> _DATA UNDER STUDY_
•••••

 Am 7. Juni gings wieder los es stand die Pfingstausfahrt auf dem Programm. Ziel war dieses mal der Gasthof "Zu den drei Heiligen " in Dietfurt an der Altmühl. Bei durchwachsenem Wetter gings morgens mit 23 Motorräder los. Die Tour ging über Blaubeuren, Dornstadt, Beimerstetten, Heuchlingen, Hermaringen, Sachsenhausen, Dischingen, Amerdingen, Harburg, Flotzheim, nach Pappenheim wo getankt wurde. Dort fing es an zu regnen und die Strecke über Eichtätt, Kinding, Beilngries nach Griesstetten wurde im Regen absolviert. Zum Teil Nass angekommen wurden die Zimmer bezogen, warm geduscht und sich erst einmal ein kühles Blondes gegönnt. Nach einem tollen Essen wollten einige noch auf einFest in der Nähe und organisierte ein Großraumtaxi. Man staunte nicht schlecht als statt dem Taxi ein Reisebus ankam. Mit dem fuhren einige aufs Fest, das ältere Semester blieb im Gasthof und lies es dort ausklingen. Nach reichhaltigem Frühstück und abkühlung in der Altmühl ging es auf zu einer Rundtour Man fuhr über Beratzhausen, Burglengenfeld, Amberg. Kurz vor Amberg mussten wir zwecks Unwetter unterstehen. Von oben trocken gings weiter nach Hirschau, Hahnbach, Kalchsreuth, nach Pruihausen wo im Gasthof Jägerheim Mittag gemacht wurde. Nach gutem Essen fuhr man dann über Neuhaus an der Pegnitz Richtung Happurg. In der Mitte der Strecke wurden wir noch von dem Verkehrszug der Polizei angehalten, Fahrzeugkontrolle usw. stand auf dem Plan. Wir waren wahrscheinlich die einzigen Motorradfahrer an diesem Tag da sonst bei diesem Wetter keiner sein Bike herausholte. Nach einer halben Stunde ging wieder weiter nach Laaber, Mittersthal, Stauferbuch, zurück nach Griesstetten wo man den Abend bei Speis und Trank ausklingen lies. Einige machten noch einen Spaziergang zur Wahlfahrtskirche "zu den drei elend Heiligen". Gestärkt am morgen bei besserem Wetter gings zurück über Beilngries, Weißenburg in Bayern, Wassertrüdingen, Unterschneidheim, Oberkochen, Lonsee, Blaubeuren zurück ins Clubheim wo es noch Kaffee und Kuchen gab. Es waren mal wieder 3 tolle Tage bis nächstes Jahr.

•••••

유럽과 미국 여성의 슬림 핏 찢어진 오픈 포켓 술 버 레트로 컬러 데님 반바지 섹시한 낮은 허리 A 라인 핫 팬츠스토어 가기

•••••

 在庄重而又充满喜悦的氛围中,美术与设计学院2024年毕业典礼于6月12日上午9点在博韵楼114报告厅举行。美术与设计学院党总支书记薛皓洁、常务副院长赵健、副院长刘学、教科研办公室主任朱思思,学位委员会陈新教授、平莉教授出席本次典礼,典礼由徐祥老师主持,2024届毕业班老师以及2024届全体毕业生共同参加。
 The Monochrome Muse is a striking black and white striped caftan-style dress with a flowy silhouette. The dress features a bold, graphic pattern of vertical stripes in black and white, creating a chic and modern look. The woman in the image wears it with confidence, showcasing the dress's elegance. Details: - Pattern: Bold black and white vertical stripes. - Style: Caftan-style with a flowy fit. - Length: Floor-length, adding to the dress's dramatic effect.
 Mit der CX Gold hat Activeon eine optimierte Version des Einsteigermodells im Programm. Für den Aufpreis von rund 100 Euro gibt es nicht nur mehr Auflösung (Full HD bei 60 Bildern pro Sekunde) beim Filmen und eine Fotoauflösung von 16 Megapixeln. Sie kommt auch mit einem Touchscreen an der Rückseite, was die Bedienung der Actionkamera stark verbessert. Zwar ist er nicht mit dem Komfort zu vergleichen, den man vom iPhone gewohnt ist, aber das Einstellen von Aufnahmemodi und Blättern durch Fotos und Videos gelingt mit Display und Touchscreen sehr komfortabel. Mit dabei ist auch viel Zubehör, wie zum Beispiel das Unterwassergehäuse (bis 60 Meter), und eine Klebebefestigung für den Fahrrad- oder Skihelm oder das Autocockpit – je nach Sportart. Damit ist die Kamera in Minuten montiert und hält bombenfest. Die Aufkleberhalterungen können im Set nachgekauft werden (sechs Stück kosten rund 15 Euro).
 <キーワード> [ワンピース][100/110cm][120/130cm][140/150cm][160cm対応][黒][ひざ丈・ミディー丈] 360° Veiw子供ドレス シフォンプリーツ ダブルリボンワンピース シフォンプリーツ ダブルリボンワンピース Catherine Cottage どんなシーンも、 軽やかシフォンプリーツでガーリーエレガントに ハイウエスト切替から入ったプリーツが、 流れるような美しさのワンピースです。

•••••

> _WHAT IS NEEDED_
From the material above, copy exactly the lines between the line holding "在庄重而又充满喜悦的氛围中,美术与设计学" and the line holding "軽やかシフォンプリーツでガーリーエレガントに ハイウエスト切替から入ったプリーツが、 流れるような美しさのワンピースです。", inclusive, and only those.

> _ANSWER BOX_
 在庄重而又充满喜悦的氛围中,美术与设计学院2024年毕业典礼于6月12日上午9点在博韵楼114报告厅举行。美术与设计学院党总支书记薛皓洁、常务副院长赵健、副院长刘学、教科研办公室主任朱思思,学位委员会陈新教授、平莉教授出席本次典礼,典礼由徐祥老师主持,2024届毕业班老师以及2024届全体毕业生共同参加。
 The Monochrome Muse is a striking black and white striped caftan-style dress with a flowy silhouette. The dress features a bold, graphic pattern of vertical stripes in black and white, creating a chic and modern look. The woman in the image wears it with confidence, showcasing the dress's elegance. Details: - Pattern: Bold black and white vertical stripes. - Style: Caftan-style with a flowy fit. - Length: Floor-length, adding to the dress's dramatic effect.
 Mit der CX Gold hat Activeon eine optimierte Version des Einsteigermodells im Programm. Für den Aufpreis von rund 100 Euro gibt es nicht nur mehr Auflösung (Full HD bei 60 Bildern pro Sekunde) beim Filmen und eine Fotoauflösung von 16 Megapixeln. Sie kommt auch mit einem Touchscreen an der Rückseite, was die Bedienung der Actionkamera stark verbessert. Zwar ist er nicht mit dem Komfort zu vergleichen, den man vom iPhone gewohnt ist, aber das Einstellen von Aufnahmemodi und Blättern durch Fotos und Videos gelingt mit Display und Touchscreen sehr komfortabel. Mit dabei ist auch viel Zubehör, wie zum Beispiel das Unterwassergehäuse (bis 60 Meter), und eine Klebebefestigung für den Fahrrad- oder Skihelm oder das Autocockpit – je nach Sportart. Damit ist die Kamera in Minuten montiert und hält bombenfest. Die Aufkleberhalterungen können im Set nachgekauft werden (sechs Stück kosten rund 15 Euro).
 <キーワード> [ワンピース][100/110cm][120/130cm][140/150cm][160cm対応][黒][ひざ丈・ミディー丈] 360° Veiw子供ドレス シフォンプリーツ ダブルリボンワンピース シフォンプリーツ ダブルリボンワンピース Catherine Cottage どんなシーンも、 軽やかシフォンプリーツでガーリーエレガントに ハイウエスト切替から入ったプリーツが、 流れるような美しさのワンピースです。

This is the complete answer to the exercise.